WAG - Okay, there seems to have been some questions about the title.
When I say "Gap," it's not JUST a play on TS Garp from the Irving novel, it's alto mocking Gap the retail store.
We live in a "modern" society not quite envisioned by many futurists.
We were supposed to have peace, unity, and utopia.
We have chaos, craziness, and capitalism (I'm not bashing capitalism here, I'm just saying it's not what some writers had in mind).
It's a nutty commercial society. Television advertising takes up more time each year, sporting events have long lines of corporate sponsors waiting to tie in their participation with their PR (Johnson's Cottage Cheese: The OFFICIAL Curd-Based Dairy Product of the 2004 Olympic Games), and one can't walk to class without being assaulted by some kind of media.
Sometimes this is good. Sometimes this is bad, but it's always ever-present.
The World According to Gap is meant to comment upon all facets of the "modern" world I come into contact, be it the book I'm reading one week or the wacky people dancing on the television trying to convince me to buy their pants.
I apologize I was only able to work in two jokes into the title. I'll work harder on that in the future.
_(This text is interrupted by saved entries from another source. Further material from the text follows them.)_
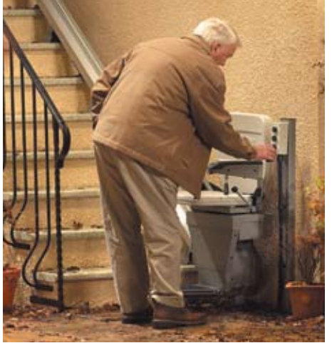
Optional call station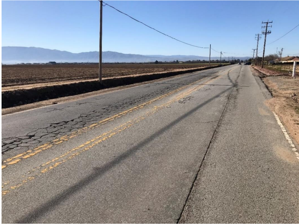
Williams Rd between E Boronda Rd and Old Stage Rd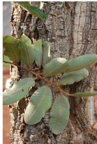
Parinari curatellifolia Planch. ex Benth. Chimanimani mountains, in Chikukwa camp; E 32.97049649, S 19.71545629, alt 1000 m.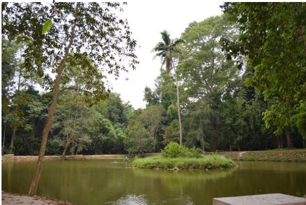
Fig. XII: Nalike Pond [17]

Beside of the hall for meals it has a pathway to one of the important place at Suan Mokkh. Here is Nalike Pond which is in rectangle area and one hundred meter in width and two hundred meters in length. The pond is covered by algae. In the center it has a small island around five square meters where is overspread by grass. The sole coconut tree about twenty to thirty meters grows up there. It has an explanation that 'there is a memorial of earnest Dhamma practice of grandparents in ancient time, in Thai old lullaby states that: Nalike coconut tree is lonely in the sea of beeswax. No rain, no thunder, stay in middle of sea of beeswax. It will be reached there by sage man only. The meaning is that Nibbana is present amidst samsara.'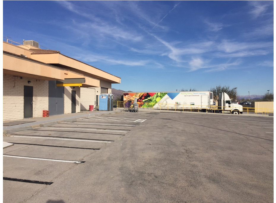
Staff and public parking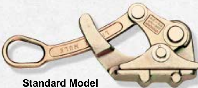
Standard Model (Spring-Loaded)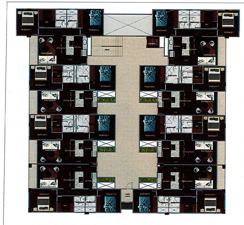
SECOND - FOURTH FLOOR PLAN NEW HOPE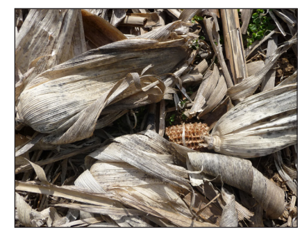
Residue breakdown leads to future issues.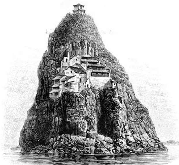
'THE LITTLE ORPHAN.'

MY BOATING AND SHOOTING EXCURSIONS TO THE GORGES OF THE UPPER YANGTZE.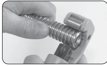
Cut the corrugated pipe at the desired place with a pipe cutter.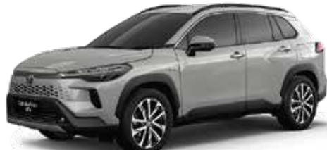
1H5/Cement Grey ME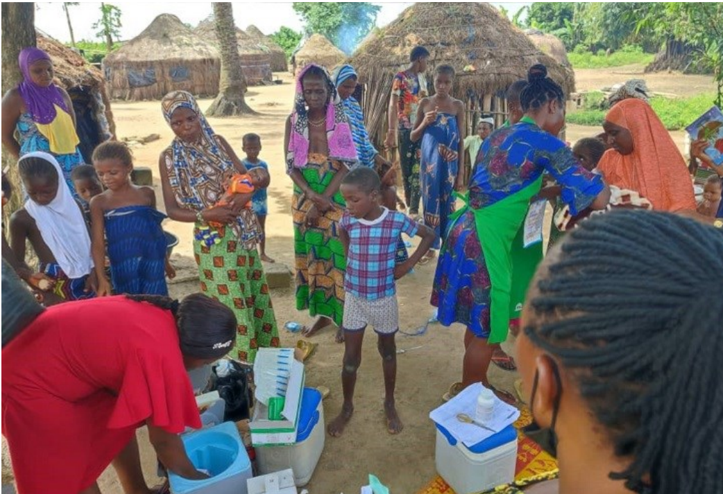
Vaccination exercise at a remote nomadic settlement in Rivers State

ble children living within the borders are vaccinated will prevent the importation of the virus into the country.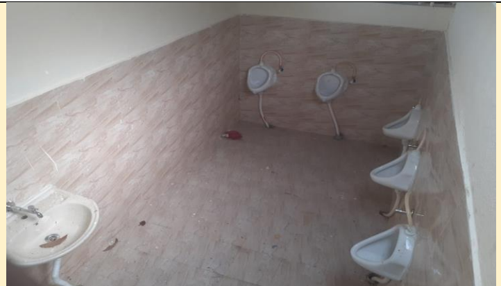
New Urinal Division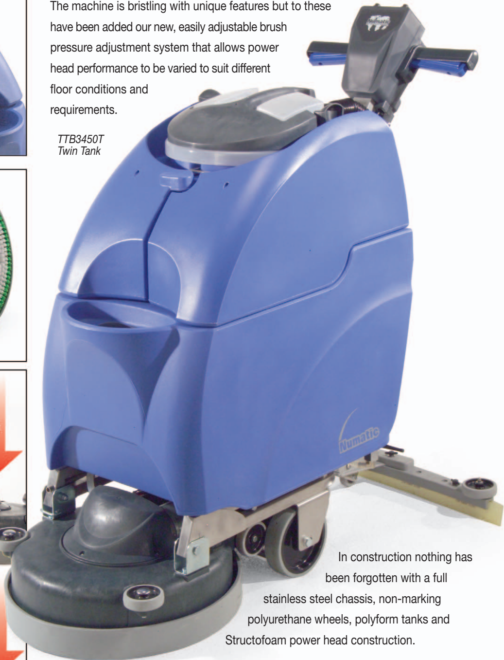
TTB3450T Twin Tank

In construction nothing has been forgotten with a full stainless steel chassis, non-marking polyurethane wheels, polyform tanks and Structofoam power head construction.

Apologies also go out to anyone who happens to tune into my website when I'm making changes. One minute the letters are black, then they're blue, then green. Script appears and disappears out of nowhere (though now there is a Comments Page at the bottom of the screen). All that shifting can put a person on their guard without reason.
Not that a little paranoia ever hurt anyone.
Just remember to draw the line before you find yourself wearing a aluminum foil hat.
Earth metals don't stop the alien mind scanners anyway... Goodnight folks!